> _WHAT YOU WILL DO_: Print the data below exactly, but only the lines from the one containing "推進基層協(xié)商議事工" down to the one containing "The southbound lanes", inclusive.

------ DATASET RECORDS

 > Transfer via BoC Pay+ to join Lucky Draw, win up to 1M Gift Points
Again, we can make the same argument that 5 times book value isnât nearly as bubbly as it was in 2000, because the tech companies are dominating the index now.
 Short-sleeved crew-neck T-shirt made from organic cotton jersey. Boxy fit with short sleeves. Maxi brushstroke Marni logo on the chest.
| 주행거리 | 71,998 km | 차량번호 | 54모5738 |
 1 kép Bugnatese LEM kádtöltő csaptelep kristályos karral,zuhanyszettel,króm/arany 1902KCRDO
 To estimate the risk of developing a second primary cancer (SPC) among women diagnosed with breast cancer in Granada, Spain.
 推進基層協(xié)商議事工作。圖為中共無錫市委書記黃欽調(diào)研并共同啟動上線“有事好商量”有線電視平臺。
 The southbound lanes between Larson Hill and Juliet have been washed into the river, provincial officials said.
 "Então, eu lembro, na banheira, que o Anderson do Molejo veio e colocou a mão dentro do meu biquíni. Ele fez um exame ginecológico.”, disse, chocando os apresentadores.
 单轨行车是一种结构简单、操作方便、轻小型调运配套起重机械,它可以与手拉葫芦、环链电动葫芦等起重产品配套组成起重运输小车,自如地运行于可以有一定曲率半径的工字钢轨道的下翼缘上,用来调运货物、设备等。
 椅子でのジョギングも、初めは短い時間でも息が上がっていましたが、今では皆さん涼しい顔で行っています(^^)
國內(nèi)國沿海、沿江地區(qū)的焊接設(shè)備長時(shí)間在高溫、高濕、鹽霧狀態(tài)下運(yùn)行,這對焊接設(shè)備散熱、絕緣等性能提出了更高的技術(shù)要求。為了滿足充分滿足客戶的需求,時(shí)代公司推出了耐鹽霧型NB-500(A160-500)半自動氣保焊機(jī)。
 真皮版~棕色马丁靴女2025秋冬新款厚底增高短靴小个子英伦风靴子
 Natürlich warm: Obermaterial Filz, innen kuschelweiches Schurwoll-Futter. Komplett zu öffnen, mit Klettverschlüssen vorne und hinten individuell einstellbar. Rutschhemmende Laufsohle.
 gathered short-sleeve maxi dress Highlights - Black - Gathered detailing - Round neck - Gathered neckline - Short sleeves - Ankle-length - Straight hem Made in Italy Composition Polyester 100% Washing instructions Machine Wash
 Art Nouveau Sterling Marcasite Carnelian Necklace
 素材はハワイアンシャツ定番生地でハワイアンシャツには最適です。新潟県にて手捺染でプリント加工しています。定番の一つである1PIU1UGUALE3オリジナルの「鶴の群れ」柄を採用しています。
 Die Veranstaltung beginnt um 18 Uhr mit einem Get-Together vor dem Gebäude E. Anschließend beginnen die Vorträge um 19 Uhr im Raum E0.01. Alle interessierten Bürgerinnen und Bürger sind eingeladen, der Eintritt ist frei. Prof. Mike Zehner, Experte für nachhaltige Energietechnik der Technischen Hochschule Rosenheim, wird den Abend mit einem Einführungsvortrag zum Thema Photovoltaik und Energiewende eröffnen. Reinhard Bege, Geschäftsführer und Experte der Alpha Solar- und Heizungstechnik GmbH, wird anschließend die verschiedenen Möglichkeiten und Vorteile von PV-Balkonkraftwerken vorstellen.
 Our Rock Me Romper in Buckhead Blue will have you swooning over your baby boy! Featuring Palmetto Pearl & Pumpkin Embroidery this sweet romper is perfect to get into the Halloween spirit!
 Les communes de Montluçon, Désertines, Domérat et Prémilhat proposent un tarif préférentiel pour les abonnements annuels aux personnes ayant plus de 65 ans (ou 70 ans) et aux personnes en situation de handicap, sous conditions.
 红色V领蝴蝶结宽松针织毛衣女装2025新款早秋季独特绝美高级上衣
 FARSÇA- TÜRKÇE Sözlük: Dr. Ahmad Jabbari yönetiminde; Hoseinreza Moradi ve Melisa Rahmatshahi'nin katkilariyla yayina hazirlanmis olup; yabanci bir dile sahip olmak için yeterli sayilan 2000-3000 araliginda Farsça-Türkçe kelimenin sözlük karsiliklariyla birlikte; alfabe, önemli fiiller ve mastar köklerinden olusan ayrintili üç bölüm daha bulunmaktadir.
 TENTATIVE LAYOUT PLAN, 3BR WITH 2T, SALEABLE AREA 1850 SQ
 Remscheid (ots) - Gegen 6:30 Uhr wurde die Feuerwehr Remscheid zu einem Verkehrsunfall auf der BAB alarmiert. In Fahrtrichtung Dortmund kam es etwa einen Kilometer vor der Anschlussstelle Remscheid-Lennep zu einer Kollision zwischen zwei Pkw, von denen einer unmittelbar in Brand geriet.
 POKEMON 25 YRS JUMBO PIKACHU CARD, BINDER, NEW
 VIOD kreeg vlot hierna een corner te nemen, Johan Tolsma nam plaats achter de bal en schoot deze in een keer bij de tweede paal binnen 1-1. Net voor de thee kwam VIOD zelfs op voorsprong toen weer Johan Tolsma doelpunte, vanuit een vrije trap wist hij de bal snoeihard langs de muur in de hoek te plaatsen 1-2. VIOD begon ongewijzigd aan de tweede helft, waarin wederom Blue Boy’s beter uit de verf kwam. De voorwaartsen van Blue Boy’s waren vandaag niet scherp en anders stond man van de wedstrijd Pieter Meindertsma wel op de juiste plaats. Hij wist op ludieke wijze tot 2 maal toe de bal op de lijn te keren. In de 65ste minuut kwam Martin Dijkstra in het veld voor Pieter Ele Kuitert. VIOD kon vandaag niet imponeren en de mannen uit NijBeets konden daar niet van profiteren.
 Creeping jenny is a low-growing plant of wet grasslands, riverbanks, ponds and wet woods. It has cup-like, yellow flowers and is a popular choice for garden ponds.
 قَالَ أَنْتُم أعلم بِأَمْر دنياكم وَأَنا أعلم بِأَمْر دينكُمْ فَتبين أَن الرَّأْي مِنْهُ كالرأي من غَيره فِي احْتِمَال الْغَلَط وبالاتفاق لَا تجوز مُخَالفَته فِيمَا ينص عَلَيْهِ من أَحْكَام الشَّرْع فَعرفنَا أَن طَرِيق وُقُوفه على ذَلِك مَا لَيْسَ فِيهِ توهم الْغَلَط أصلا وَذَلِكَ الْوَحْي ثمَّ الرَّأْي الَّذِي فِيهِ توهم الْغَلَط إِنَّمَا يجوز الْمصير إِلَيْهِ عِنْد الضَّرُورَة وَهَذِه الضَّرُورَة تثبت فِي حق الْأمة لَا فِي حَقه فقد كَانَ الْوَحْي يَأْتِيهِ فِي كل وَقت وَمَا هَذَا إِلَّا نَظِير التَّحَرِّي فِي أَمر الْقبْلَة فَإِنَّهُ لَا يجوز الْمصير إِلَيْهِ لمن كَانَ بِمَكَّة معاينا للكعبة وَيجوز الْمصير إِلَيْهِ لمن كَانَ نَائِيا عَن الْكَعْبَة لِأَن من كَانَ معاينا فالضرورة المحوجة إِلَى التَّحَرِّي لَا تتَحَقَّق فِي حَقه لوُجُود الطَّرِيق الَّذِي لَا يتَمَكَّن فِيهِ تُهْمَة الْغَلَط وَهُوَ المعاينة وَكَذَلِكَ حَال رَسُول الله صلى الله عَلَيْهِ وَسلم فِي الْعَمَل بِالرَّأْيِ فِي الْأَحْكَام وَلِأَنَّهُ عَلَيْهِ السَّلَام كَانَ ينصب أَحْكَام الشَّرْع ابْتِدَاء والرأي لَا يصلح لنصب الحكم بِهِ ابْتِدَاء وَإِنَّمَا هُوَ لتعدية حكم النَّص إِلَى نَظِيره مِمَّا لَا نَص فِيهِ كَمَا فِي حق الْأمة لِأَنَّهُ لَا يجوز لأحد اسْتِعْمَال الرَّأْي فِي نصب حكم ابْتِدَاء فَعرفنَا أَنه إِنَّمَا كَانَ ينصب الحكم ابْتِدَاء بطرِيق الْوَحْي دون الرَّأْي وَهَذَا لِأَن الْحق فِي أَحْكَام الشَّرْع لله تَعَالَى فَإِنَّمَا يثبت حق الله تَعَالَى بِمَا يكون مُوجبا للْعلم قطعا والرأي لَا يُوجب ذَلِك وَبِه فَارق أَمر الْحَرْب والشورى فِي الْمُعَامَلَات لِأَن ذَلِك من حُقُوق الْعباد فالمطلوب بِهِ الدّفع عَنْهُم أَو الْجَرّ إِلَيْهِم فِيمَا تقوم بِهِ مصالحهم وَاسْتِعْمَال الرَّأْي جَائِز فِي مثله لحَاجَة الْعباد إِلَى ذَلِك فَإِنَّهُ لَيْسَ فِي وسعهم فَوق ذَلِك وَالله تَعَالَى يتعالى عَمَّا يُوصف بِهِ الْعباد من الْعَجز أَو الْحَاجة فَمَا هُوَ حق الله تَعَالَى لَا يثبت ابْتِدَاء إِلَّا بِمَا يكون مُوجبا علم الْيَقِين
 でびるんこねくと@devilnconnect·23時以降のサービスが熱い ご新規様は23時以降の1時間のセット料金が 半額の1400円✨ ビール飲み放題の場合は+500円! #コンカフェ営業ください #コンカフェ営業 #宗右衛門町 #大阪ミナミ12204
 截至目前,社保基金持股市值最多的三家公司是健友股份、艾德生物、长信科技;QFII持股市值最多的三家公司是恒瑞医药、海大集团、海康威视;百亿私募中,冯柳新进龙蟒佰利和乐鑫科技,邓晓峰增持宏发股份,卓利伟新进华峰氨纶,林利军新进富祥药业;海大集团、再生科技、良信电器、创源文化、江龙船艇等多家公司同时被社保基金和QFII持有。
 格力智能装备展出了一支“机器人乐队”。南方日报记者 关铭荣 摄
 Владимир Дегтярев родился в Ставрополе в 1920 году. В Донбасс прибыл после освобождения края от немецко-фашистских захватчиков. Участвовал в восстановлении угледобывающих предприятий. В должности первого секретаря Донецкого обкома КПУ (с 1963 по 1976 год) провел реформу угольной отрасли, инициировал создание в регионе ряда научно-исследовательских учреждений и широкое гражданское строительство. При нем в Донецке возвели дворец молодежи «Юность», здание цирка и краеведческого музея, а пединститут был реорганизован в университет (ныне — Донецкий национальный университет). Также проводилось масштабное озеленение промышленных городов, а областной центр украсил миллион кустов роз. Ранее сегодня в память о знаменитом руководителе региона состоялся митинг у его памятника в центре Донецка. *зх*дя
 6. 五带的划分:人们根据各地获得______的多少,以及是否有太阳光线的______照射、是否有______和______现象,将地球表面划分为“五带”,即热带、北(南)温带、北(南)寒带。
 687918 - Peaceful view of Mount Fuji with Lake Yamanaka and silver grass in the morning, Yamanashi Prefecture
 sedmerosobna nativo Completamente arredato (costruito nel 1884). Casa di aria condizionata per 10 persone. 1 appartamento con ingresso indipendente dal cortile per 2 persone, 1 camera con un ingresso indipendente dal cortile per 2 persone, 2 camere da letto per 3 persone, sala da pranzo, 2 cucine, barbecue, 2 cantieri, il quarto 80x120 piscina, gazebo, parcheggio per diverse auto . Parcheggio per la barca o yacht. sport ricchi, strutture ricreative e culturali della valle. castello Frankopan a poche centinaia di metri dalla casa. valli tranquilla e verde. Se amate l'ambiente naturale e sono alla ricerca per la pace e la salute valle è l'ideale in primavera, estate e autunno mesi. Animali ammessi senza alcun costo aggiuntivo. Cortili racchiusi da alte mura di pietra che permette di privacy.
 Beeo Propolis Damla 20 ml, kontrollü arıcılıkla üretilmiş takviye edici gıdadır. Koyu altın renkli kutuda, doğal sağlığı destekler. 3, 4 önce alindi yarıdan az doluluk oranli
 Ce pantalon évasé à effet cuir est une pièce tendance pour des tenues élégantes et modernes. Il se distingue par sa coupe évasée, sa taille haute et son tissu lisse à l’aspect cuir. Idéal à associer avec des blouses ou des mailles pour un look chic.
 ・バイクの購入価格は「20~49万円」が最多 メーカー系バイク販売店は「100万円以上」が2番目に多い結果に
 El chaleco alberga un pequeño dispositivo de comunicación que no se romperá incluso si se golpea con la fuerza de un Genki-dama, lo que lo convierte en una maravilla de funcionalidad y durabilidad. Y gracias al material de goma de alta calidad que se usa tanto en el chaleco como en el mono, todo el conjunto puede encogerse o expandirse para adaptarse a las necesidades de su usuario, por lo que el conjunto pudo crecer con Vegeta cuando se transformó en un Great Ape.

------------

> _ANSWER SPACE_:
 推進基層協(xié)商議事工作。圖為中共無錫市委書記黃欽調(diào)研并共同啟動上線“有事好商量”有線電視平臺。
 The southbound lanes between Larson Hill and Juliet have been washed into the river, provincial officials said.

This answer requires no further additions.